I love the sentiment in the following tweet:

if you’re ever having a hard time or feel alone, open a bible #neverfails

— Elaine Kirkwood (@elainexograce) March 5, 2012


But to be honest, to retweet this is to lie.

For me it is a lie because there are times, often when it’s hard and when I feel alone, that the Bible doesn’t comfort me. And contrary to the retweets and the polite conversation and the half-answers in Sunday School, I’m beginning to think… no… demand that be OK.

Most of the members in our community have, in the last two years, experienced or are currently going through tough times.  Some of it has been real but temporary, such as money being tight this month because of cutbacks at work.  Others have borne heavy, but temporary burdens, such as when they were downsized for the second time in 8 months while expecting their first child. Others still are weighed down by the death of a dear friend who was fighting a war they didn’t believe in.

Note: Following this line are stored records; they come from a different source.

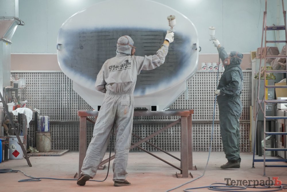Директор підприємства Микола Корецький показав журналістам виробництво: заготівельний, зварювальний, лако-фарбувальний, токарний, складальний цехи, а також сервісний центр.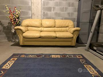 Divano pelle, colo ocra , 3 posti, tenuto bene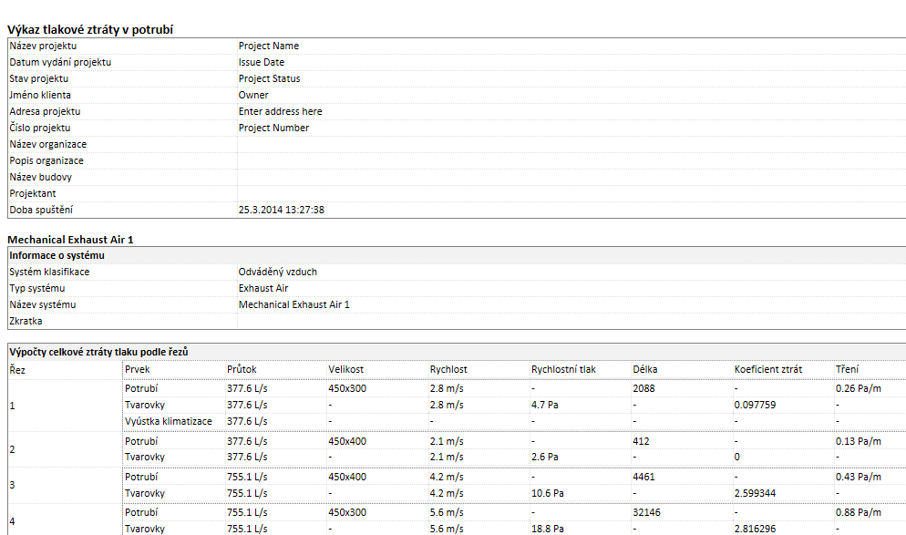 V projektu můžete vytvořit výkaz ztráty tlaku pro potrubí nebo trubky.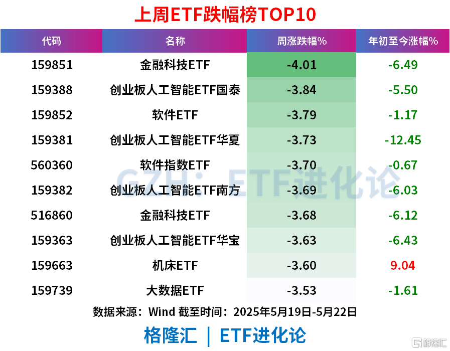金融科技ETF、创业板人工智能ETF国泰、软件ETF、创业板人工智能ETF华夏上周分别跌4.01% 、3.84 %3.79 %和3.73%。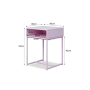 The Jude Bedside Table - Lilac is a stylish and functional piece with an open shelf and sturdy metal frame. Its sweet lilac tone makes it perfect for a child's bedroom or as a handy side table in the living room. Ideal for smaller rooms, its compact size fits beautifully anywhere.

For people in my extended community it is dealing with the brutal beating death of a three year old.  In the face of such a senseless death all some could do was to go and lay down night after night next to your own son and weep silently inside.  Still others in my extended community  plead with the GOD-WHO-IS asking, then demanding, that He make Himself known with silence and strife as the only rewards.

For me, it is the long, quiet trudge with my newly disabled wife and the fact that we have to stop at child number one. I could go on with other stories, but you get the idea.

Some of these situations have seen their resolution; others refuse to give way.

In these moments, trite tweets wither and we crumble in. Our lives have been interrupted; we’ve stopped making it make sense.

Instead we’ve made room.

We’ve made room to listen, room to sit, room for the silence. In short, we’ve made room for the suffering and the sufferer.

And in the process we’ve made room for God.  Sometimes She dwells just out of sight.  Sometimes we feel abandoned.  Sometimes we see It in each other. And, to be honest, sometimes we tell ourselves that He’s there, if only to get to the next moment.

I wish I could shoehorn the above into a nice, happy ending, but that would just make for one more trite tweet which only really serves to “explain it away under the guise of dealing with it.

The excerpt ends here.